Goal of the exercise » Would you please reproduce all the entries word for word, minus the pictures?

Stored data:
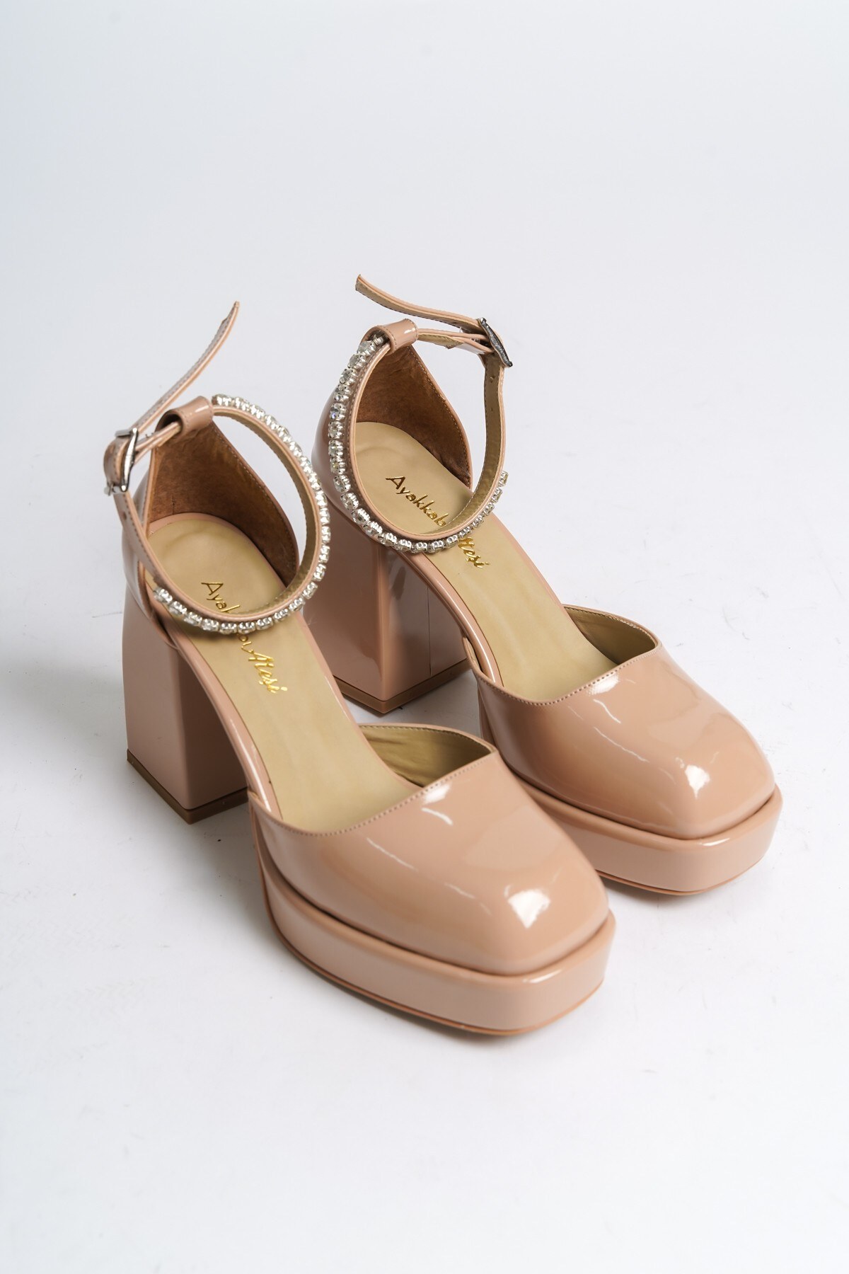 Kadın Taş Detaylı Özel Tasarım Alçak Topuklu Ayakkabısı Sandyo Nude Rugan
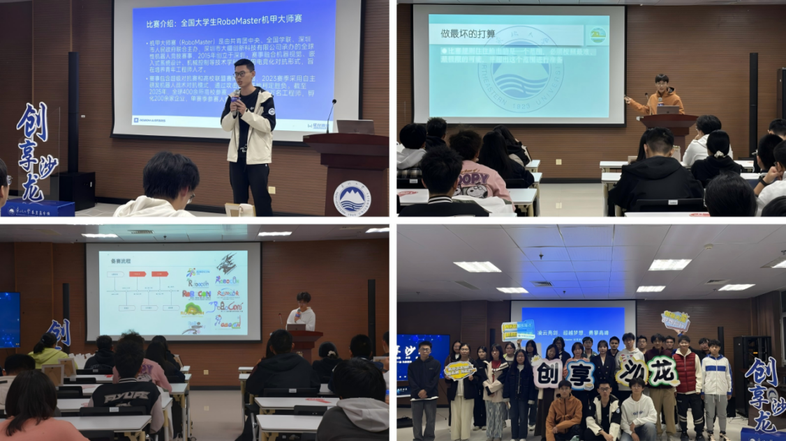 10月17日,由大学生创新创业中心指导、大学生创新创业协会主办的第九十六期创享沙龙在科技楼9024室举办。活动以“探秘‘技术+战术’的进阶密码”为主题,邀请智能汽车创新团队、ROBOCON团队与RoboMaster团队成员担任主讲。围绕三项高水平赛事,主讲人从机械设计、智能控制到算法优化、团队协作等方面分享了技术核心与实战经验,通过团队分享、互动交流与成果展示,帮助同学们深化了对技术综合应用与工程探索的认知,激发了大家投身科技创新实践的热情。
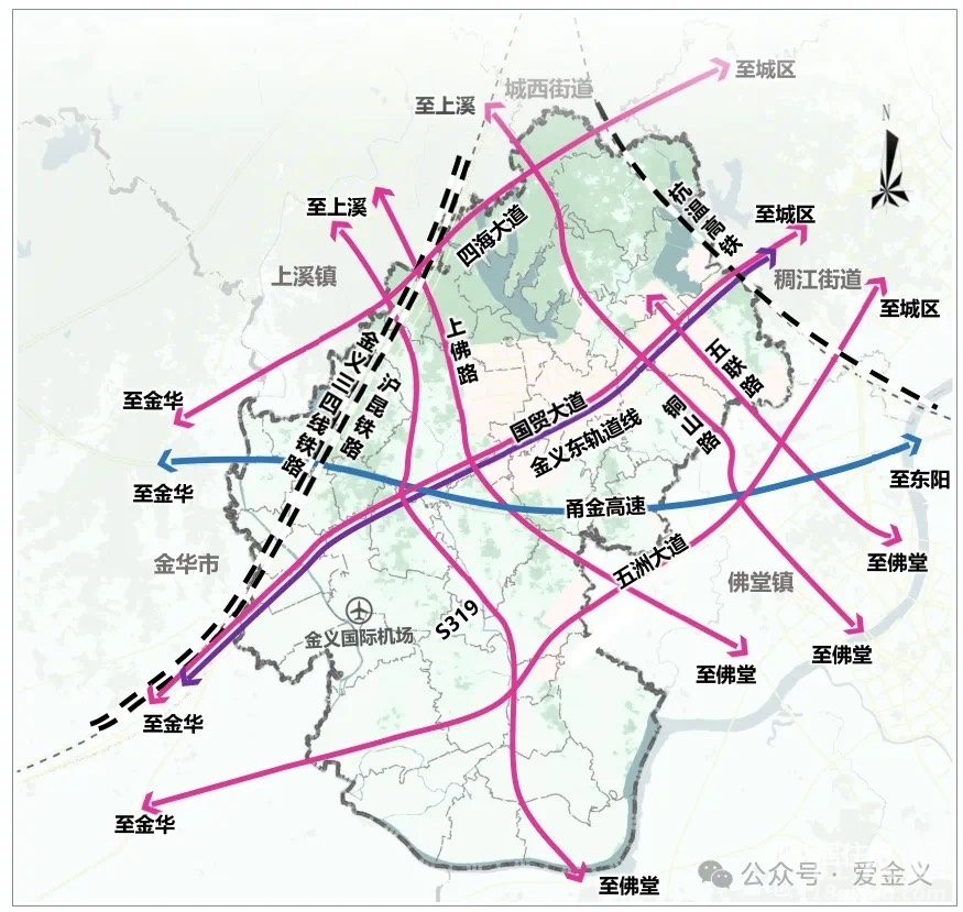 其中金义国际机场为国家重点项目,但目前仍属谋划阶段,预留机场建设空间,为未来发展进行控制。金义机场的建设也将提升义亭的城镇能级为区域综合交通枢纽城镇
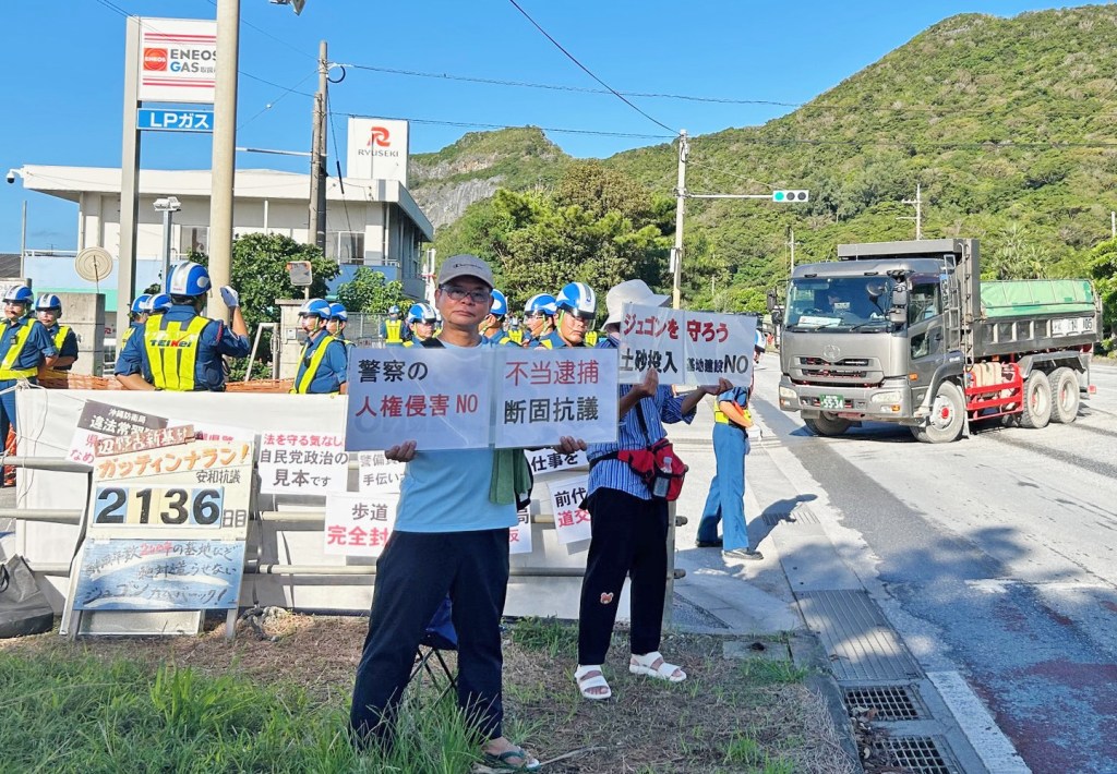 9月26日には、つえをついて抗議に参加していた男性が不当逮捕された。「防衛局職員の胸を両手で押して転倒させた」という。デッチ上げだ。一緒に抗議していた市民は「彼は足が悪く、つえをついていた。防衛局職員とは、手を伸ばしても届かないくらい離れていた。彼が押したり引いたりできるはずがない」と証言している。男性は29日に釈放された。
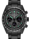 Prospex Black Series Speedtimer Solar Chronograph. Designed for those who treat life as the ultimate adventure, Seiko Prospex keeps moving forward, meeting every challenge with technological excellence and winning design. This dramatic watch is part of a high-intensity collection inspired by the 1969 “Speedtimer,” the world’s first self-winding chronograph, extending it to the Black Series. Featuring the newly developed “Green LumiBrite Pro,” developed for divers by combining the color most recognizable in the dark with a higher brightness and longer afterglow, this extraordinary timepiece provides a “night vision” for visibility in the dark similar to the view seen through a night scope. The chronograph function measures up to 60 minutes of elapsed time in 1/5-second increments and includes a split time function, while the solar cell, powered by any light source, with no battery change required, provides a 6-month power reserve when fully charged. The dark gray dial includes three black subdials, with a 24-hour indicator and power reserve indicator, as well as a date calendar and green LumiBrite on hands, markers and the tip of the chronograph hand. Crafted of stainless steel with black hard coating, curved anti-reflective sapphire crystal, black tachymeter bezel, secure screwdown caseback and tapered three-link bracelet with tri-fold push button release clasp. 10 bar, 100M Water Resistant
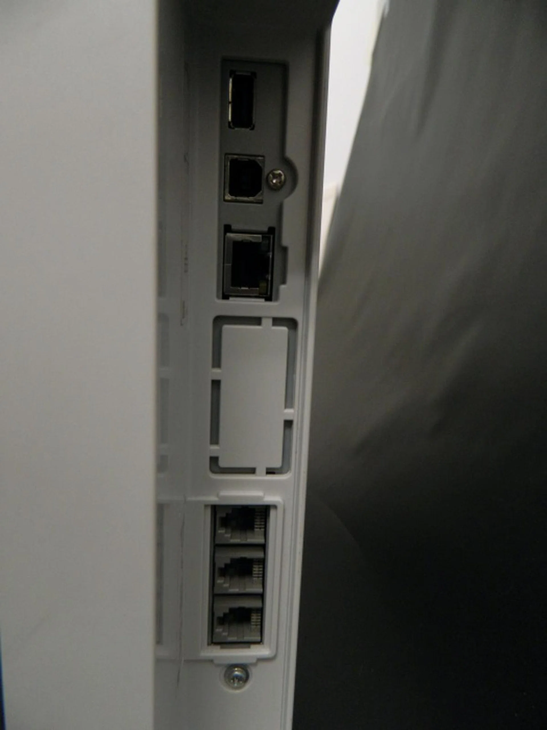 You'll find just one gigabit Ethernet port and an RJ-11 fax port at the rear while the front has a USB 2.0 port.
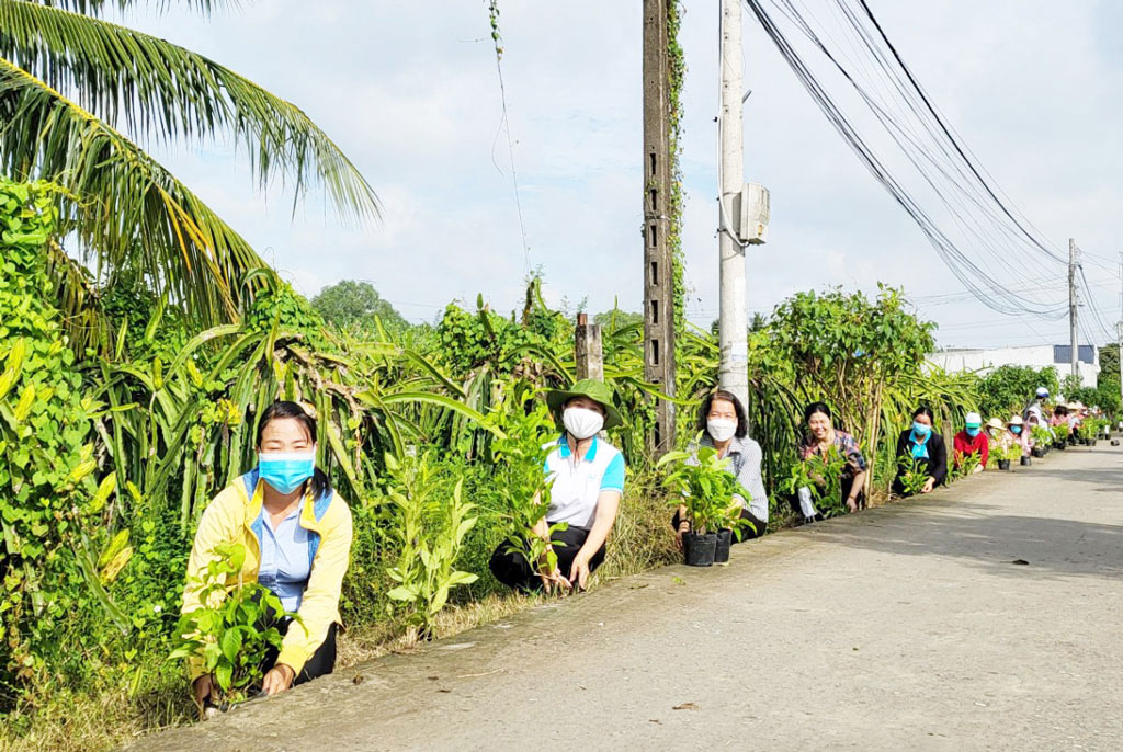 Đều đặn vào một ngày cố định trong tuần hoặc trong tháng, hội viên, phụ nữ huyện Châu Thành, tỉnh Long An hẹn nhau chăm sóc cây xanh, hoa, dọn vệ sinh trên những tuyến đường,… Đây là những việc làm được các chị thực hiện tuyến đường xanh, sạch, đẹp.
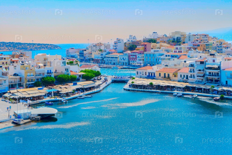 Озеро в гавани Агиос-Николаоса, Крит, Греция ретро тонированное

Reply to the exercise »
 Kadın Taş Detaylı Özel Tasarım Alçak Topuklu Ayakkabısı Sandyo Nude Rugan
 10月17日,由大学生创新创业中心指导、大学生创新创业协会主办的第九十六期创享沙龙在科技楼9024室举办。活动以“探秘‘技术+战术’的进阶密码”为主题,邀请智能汽车创新团队、ROBOCON团队与RoboMaster团队成员担任主讲。围绕三项高水平赛事,主讲人从机械设计、智能控制到算法优化、团队协作等方面分享了技术核心与实战经验,通过团队分享、互动交流与成果展示,帮助同学们深化了对技术综合应用与工程探索的认知,激发了大家投身科技创新实践的热情。
 其中金义国际机场为国家重点项目,但目前仍属谋划阶段,预留机场建设空间,为未来发展进行控制。金义机场的建设也将提升义亭的城镇能级为区域综合交通枢纽城镇
 9月26日には、つえをついて抗議に参加していた男性が不当逮捕された。「防衛局職員の胸を両手で押して転倒させた」という。デッチ上げだ。一緒に抗議していた市民は「彼は足が悪く、つえをついていた。防衛局職員とは、手を伸ばしても届かないくらい離れていた。彼が押したり引いたりできるはずがない」と証言している。男性は29日に釈放された。
 Prospex Black Series Speedtimer Solar Chronograph. Designed for those who treat life as the ultimate adventure, Seiko Prospex keeps moving forward, meeting every challenge with technological excellence and winning design. This dramatic watch is part of a high-intensity collection inspired by the 1969 “Speedtimer,” the world’s first self-winding chronograph, extending it to the Black Series. Featuring the newly developed “Green LumiBrite Pro,” developed for divers by combining the color most recognizable in the dark with a higher brightness and longer afterglow, this extraordinary timepiece provides a “night vision” for visibility in the dark similar to the view seen through a night scope. The chronograph function measures up to 60 minutes of elapsed time in 1/5-second increments and includes a split time function, while the solar cell, powered by any light source, with no battery change required, provides a 6-month power reserve when fully charged. The dark gray dial includes three black subdials, with a 24-hour indicator and power reserve indicator, as well as a date calendar and green LumiBrite on hands, markers and the tip of the chronograph hand. Crafted of stainless steel with black hard coating, curved anti-reflective sapphire crystal, black tachymeter bezel, secure screwdown caseback and tapered three-link bracelet with tri-fold push button release clasp. 10 bar, 100M Water Resistant
 You'll find just one gigabit Ethernet port and an RJ-11 fax port at the rear while the front has a USB 2.0 port.
 Đều đặn vào một ngày cố định trong tuần hoặc trong tháng, hội viên, phụ nữ huyện Châu Thành, tỉnh Long An hẹn nhau chăm sóc cây xanh, hoa, dọn vệ sinh trên những tuyến đường,… Đây là những việc làm được các chị thực hiện tuyến đường xanh, sạch, đẹp.
 Озеро в гавани Агиос-Николаоса, Крит, Греция ретро тонированное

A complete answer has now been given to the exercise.